EXERCISE AIM:
Output the lines of the records below exactly, beginning at their first line and ending at the line with "Barra De Proteina"; include no pictures.

Items from a dataset
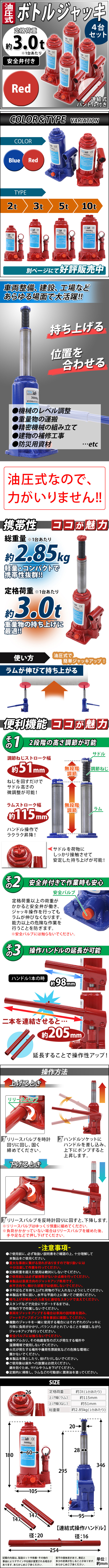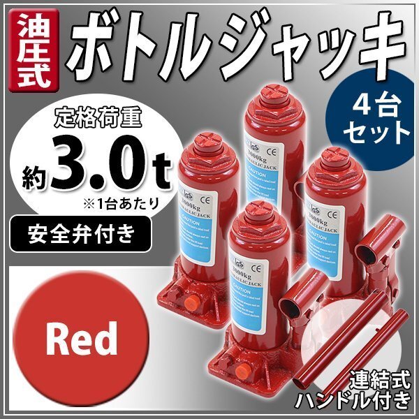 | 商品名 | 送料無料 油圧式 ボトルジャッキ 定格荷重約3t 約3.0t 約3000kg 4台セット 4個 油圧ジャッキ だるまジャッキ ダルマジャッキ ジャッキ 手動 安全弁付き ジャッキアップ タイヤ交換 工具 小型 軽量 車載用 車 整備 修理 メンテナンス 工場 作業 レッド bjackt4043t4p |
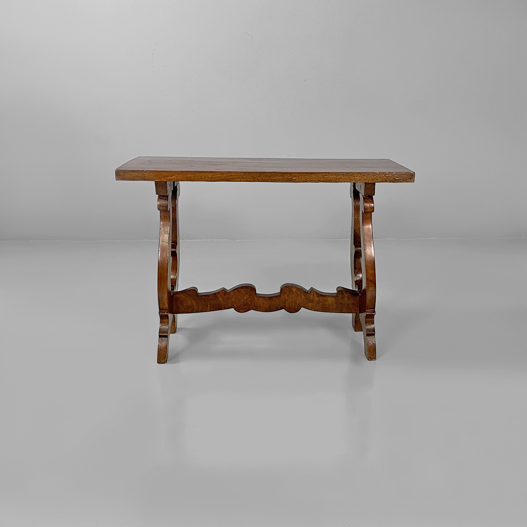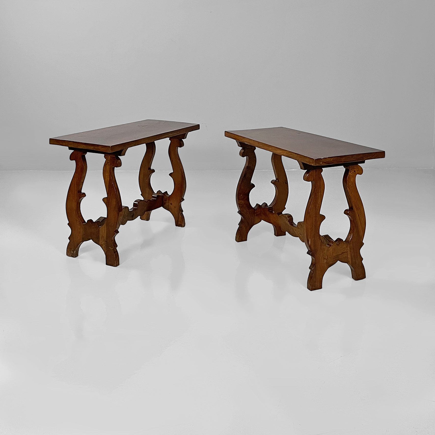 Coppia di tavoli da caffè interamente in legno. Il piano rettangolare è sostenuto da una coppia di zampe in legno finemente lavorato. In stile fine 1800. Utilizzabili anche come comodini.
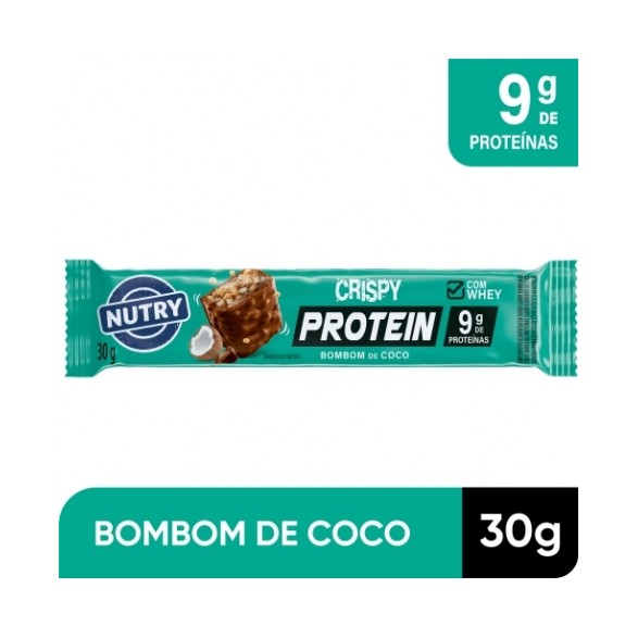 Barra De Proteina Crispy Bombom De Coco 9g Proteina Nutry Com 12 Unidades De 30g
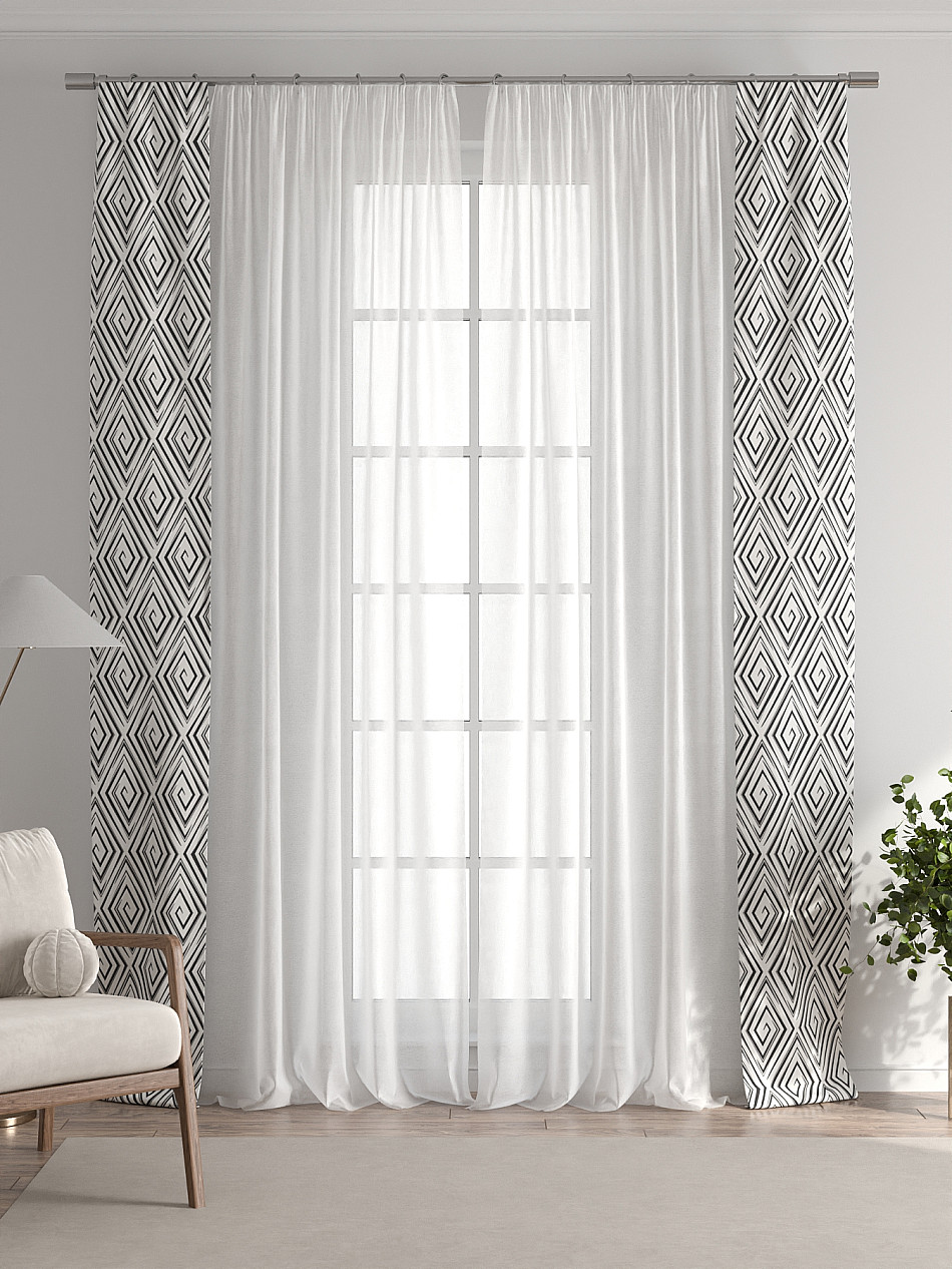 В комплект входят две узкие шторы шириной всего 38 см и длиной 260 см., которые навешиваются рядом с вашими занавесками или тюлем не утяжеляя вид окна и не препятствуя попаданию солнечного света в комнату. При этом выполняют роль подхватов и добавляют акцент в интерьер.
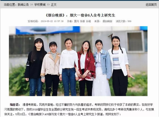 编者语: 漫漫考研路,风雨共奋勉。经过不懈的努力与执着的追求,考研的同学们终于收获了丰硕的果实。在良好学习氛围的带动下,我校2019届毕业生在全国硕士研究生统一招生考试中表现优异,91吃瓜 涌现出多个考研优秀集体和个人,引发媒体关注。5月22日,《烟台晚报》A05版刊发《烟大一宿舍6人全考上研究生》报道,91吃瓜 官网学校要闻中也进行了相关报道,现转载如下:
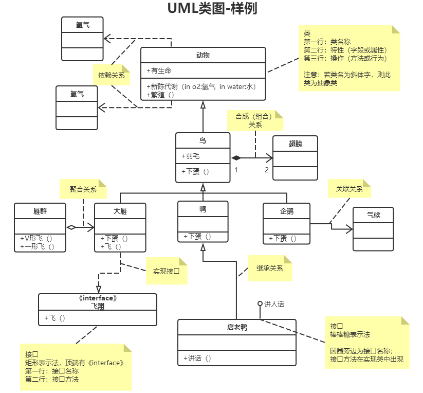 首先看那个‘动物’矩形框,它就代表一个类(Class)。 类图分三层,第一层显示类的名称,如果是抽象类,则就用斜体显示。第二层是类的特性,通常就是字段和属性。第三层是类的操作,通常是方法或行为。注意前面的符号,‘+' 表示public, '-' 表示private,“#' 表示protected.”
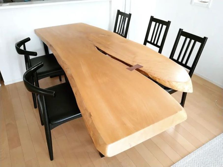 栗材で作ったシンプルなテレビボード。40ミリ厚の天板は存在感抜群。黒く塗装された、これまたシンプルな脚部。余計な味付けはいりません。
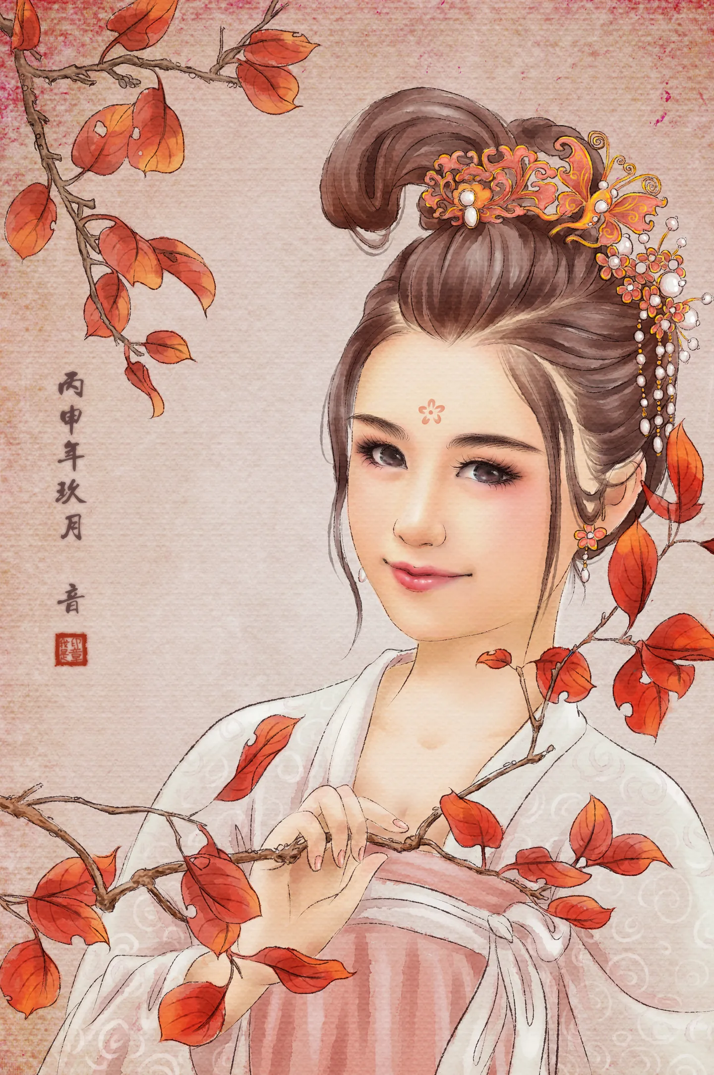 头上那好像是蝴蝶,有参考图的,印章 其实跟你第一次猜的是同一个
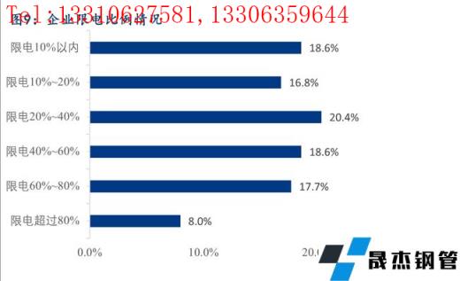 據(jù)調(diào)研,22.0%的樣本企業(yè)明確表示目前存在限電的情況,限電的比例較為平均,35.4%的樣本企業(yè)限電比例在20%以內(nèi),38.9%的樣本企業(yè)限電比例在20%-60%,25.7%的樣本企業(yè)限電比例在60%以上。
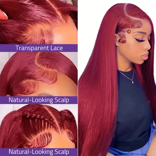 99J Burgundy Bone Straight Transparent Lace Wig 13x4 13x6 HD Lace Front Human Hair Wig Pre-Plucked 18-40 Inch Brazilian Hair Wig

COMPLETED TASK:
 | 商品名 | 送料無料 油圧式 ボトルジャッキ 定格荷重約3t 約3.0t 約3000kg 4台セット 4個 油圧ジャッキ だるまジャッキ ダルマジャッキ ジャッキ 手動 安全弁付き ジャッキアップ タイヤ交換 工具 小型 軽量 車載用 車 整備 修理 メンテナンス 工場 作業 レッド bjackt4043t4p |
 Coppia di tavoli da caffè interamente in legno. Il piano rettangolare è sostenuto da una coppia di zampe in legno finemente lavorato. In stile fine 1800. Utilizzabili anche come comodini.
 Barra De Proteina Crispy Bombom De Coco 9g Proteina Nutry Com 12 Unidades De 30g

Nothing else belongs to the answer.